Neste estudo científico, os autores indicaram que a adoção de rigorosos protocolos sanitários, como teste assintomático, rastreamento de contato, higienização, ventilação de ambientes, distanciamento, redução do tamanho dos grupos e prevenção da mistura dos grupos estudantis, evitou que as instituições de ensino fossem consideradas focos de proliferação do vírus durante a segunda onda.

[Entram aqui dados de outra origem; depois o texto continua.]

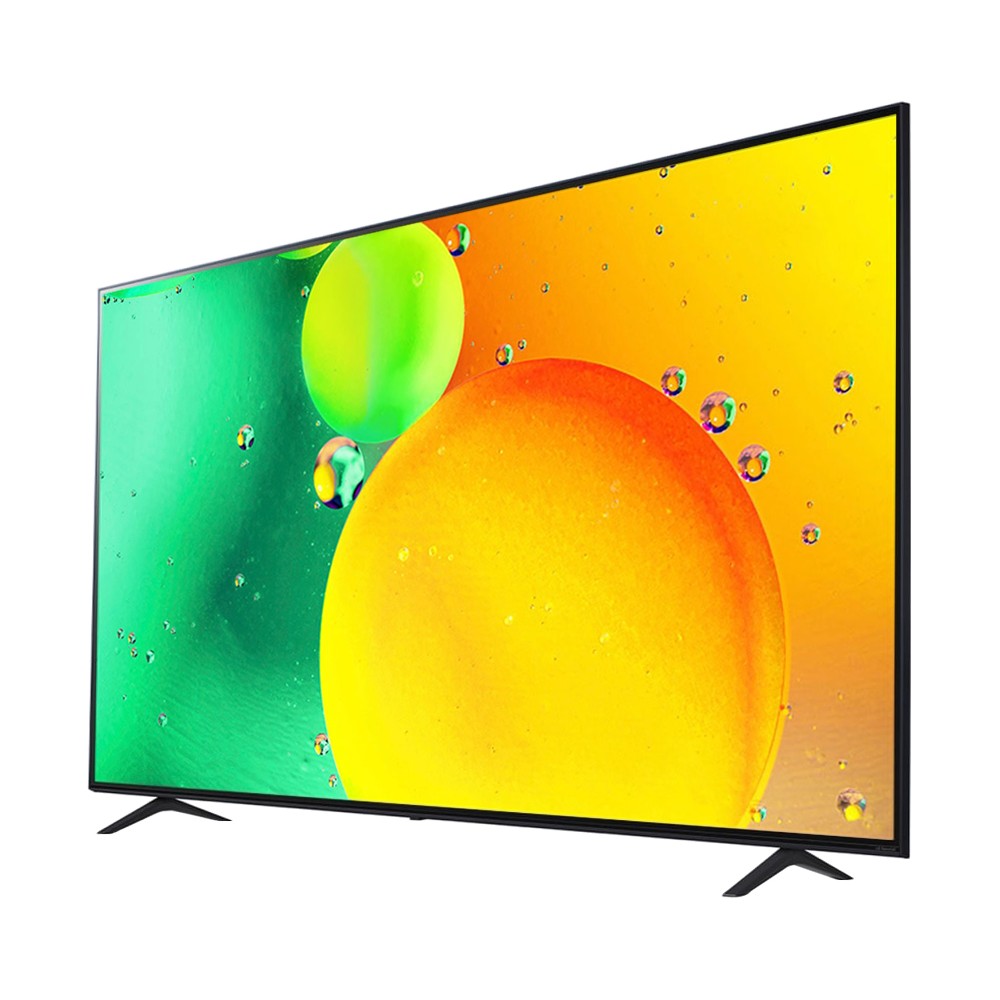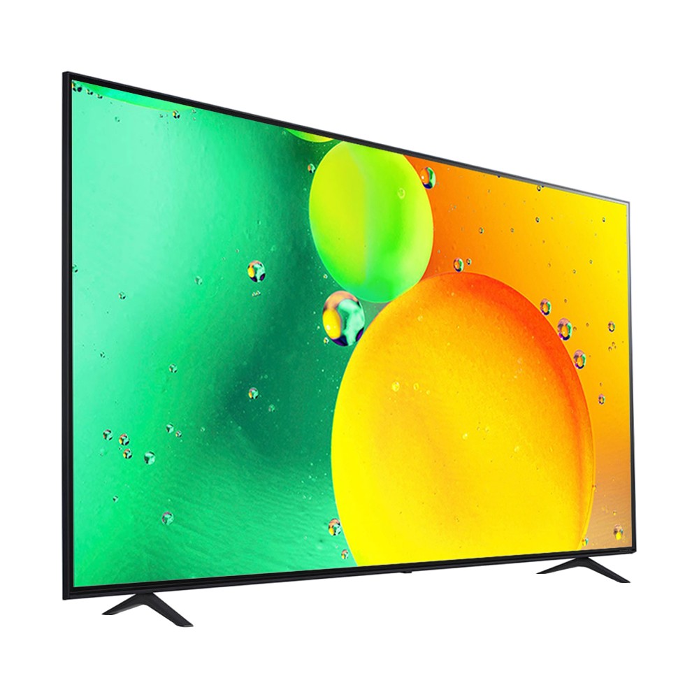 تلویزیون ال جی نانو 75 سایز 86 اینچ یکی از تلویزیون های 2022 ال جی است. این محصول با مدل کامل 86NANO75SQA مونتاژ اندونزی (سفارش تایلند) وارد ایران شده و موجود می باشد. تلویزیون NANO75 که جزو تلویزیون های سری 7 ال جی نیز شناخته می شود، علاوه بر استفاده روزمره و تماشای فیلم، برای بازی کردن و اتصال به کنسول های بازی نسل نهم نیز مناسب است. همچنین به دلیل برخورداری از قابلیت Hotel Mode می توان به عنوان یک تلویزیون تجاری نیز از آن در هتل ها استفاده کرد. این محصول مشابه تلویزیون ال جی NANO78، تلویزیون ال جی NANO79، تلویزیون ال جی NANO77 و تلویزیون ال جی NANO76 می باشد و به جز تفاوت در طراحی یا رنگ پایه فرق خاصی با هم ندارند. تلویزیون ال جی NANO75 سایز 86 اینچ پایین رده ترین تلویزیون گیمینگ ال جی با صفحه نمایش NanoCell و رفرش ریت 120 هرتز در سال 2022 می باشد. این تلویزیون مدل جدیدتر و جایگزین تلویزیون ال جی NANO75 در سال گذشته می باشد.

Ouro estudo, desenvolvido pela Universidade de Zurich e pelo Inter-American Development Bank, denominado Reopening schools in the pandemic did not increase Covid-19 Incidence and Mortality in Brazil, discutiu o retorno gradual das atividades presenciais escolares em 131 municípios do Estado de São Paulo, entre outubro e dezembro de 2020. O trabalho indica que é baixa a efetividade da manutenção de escolas fechadas para a contenção da Covid-19, especialmente quando comparada com o impacto formativo nos estudantes afastados do ambiente escolar.

O estudo indicou que não houve incremento nos percentuais de mortalidade da Covid-19 nas 12 semanas seguintes à reabertura (inclusive em municípios com baixa renda per capita e com déficit em estrutura educacional), concluindo que a reabertura das escolas, ainda que por um lado implique em aumento de risco para colaboradores do segmento educacional e para os familiares dos estudantes, trouxe benefícios marginais na política sanitária de controle da disseminação do vírus.

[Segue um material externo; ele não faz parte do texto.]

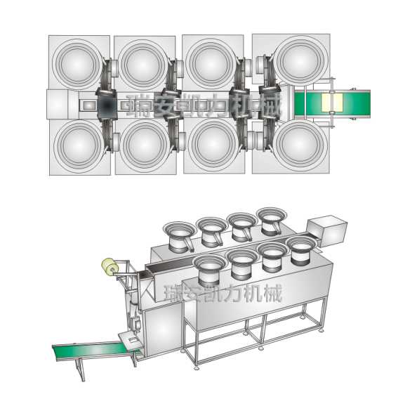 8 bowl feeder counting and packaging machine. Each bowl is designed as a dedicated vibrator (one feeder for one item). Relatively speaking, the time required for adjustment and modulation of the universal accessories are eliminated, resulting in efficient packaging operation.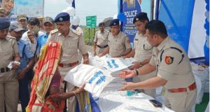 On the eve of police day SP Paschim Medinipur along with police distributed 10000 Saree, clothes and mosquito net etc to the flood affected people of Ghatal.

A leitura destes dois recentes trabalhos científicos indica que as escolas que seguem os protocolos de forma consciente não são o vetor de transmissão da Covid-19. Esperamos que os agentes públicos trabalhem de forma articulada e revejam suas decisões. O prejuízo da manutenção do ensino remoto já é enorme em relação ao aprendizado dos estudantes, e está agravando os problemas da educação do país.  

(*) Fábio Reis é presidente do Consórcio STHEM Brasil e diretor de Inovação e Redes do Semesp; Marcelo Augusto Scudeler é mestre em Direito e diretor de Operações do UNISAL; Maria Fernanda F. Morari Scudeler é médica infectologista e docente na Faculdade de Medicina na PUC Campinas.